- [Task statement]: Could you retype the whole listing word for word and drop the images?

- [Collected data]:

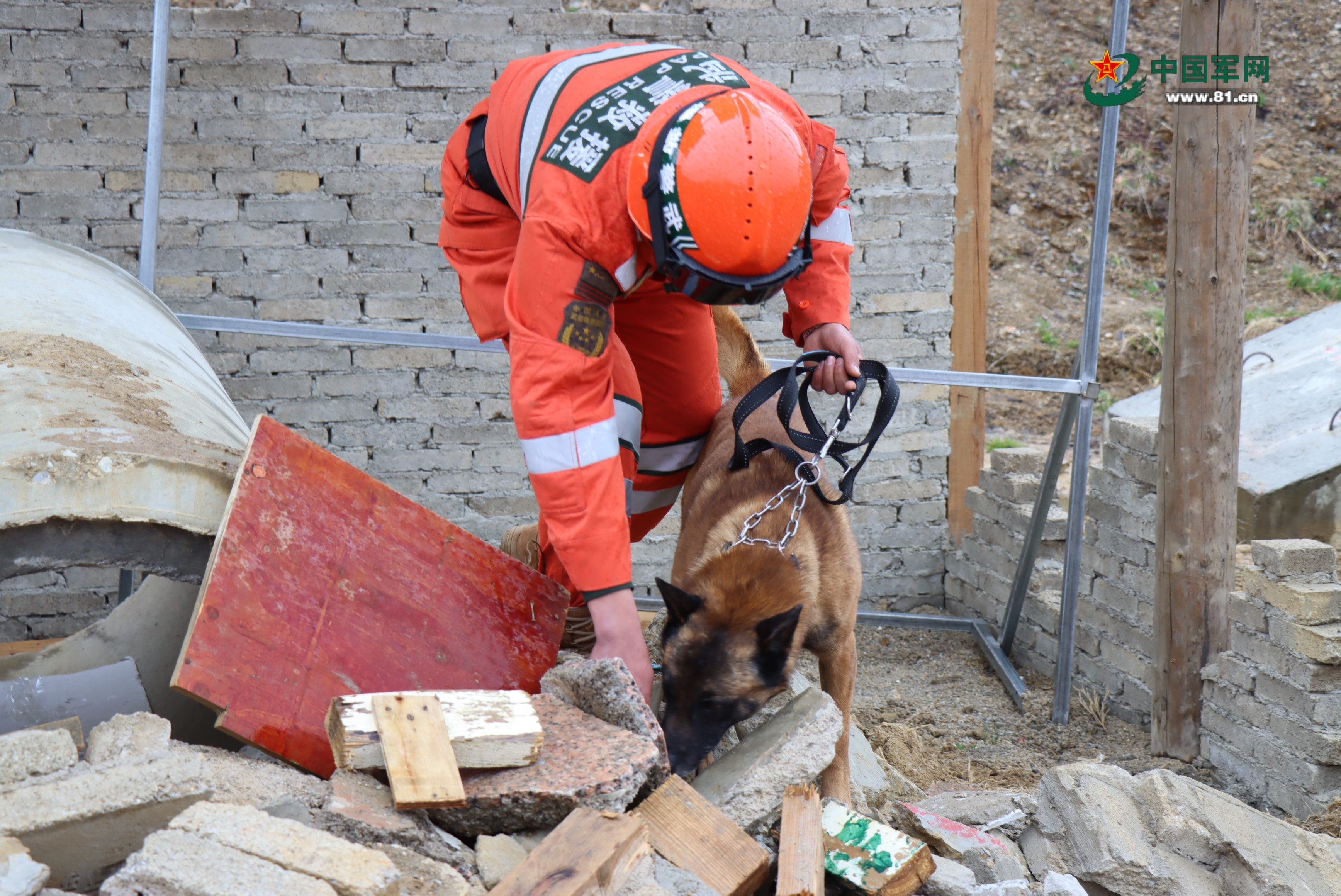 官兵带搜救犬进行搜索。张泰笙 摄
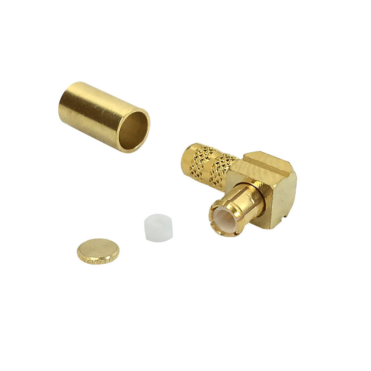 This MCX male right angle crimp connector is meant to be terminated on RG58 (LMR-195) bulk cable.
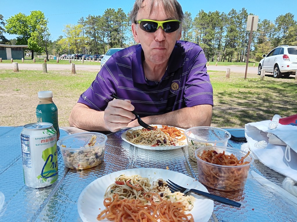 Three little pasta-based salads, an iced coffee, and a sparkling water later (with a scone thrown in for good luck) we ventured over to the sadly-named Dead Lake (so called not because it’s dead, or people who use it get dead, but because the Native people here recognized it as a place where their ancestors dwell), and after a small false start we came upon Tourist Park, a cozy picnic table in the sun, and a little girl named Amelia who fell in love with Ruthie. Lunchtime perfection!

- [Solution to the exercise]:
 官兵带搜救犬进行搜索。张泰笙 摄
 This MCX male right angle crimp connector is meant to be terminated on RG58 (LMR-195) bulk cable.
 Three little pasta-based salads, an iced coffee, and a sparkling water later (with a scone thrown in for good luck) we ventured over to the sadly-named Dead Lake (so called not because it’s dead, or people who use it get dead, but because the Native people here recognized it as a place where their ancestors dwell), and after a small false start we came upon Tourist Park, a cozy picnic table in the sun, and a little girl named Amelia who fell in love with Ruthie. Lunchtime perfection!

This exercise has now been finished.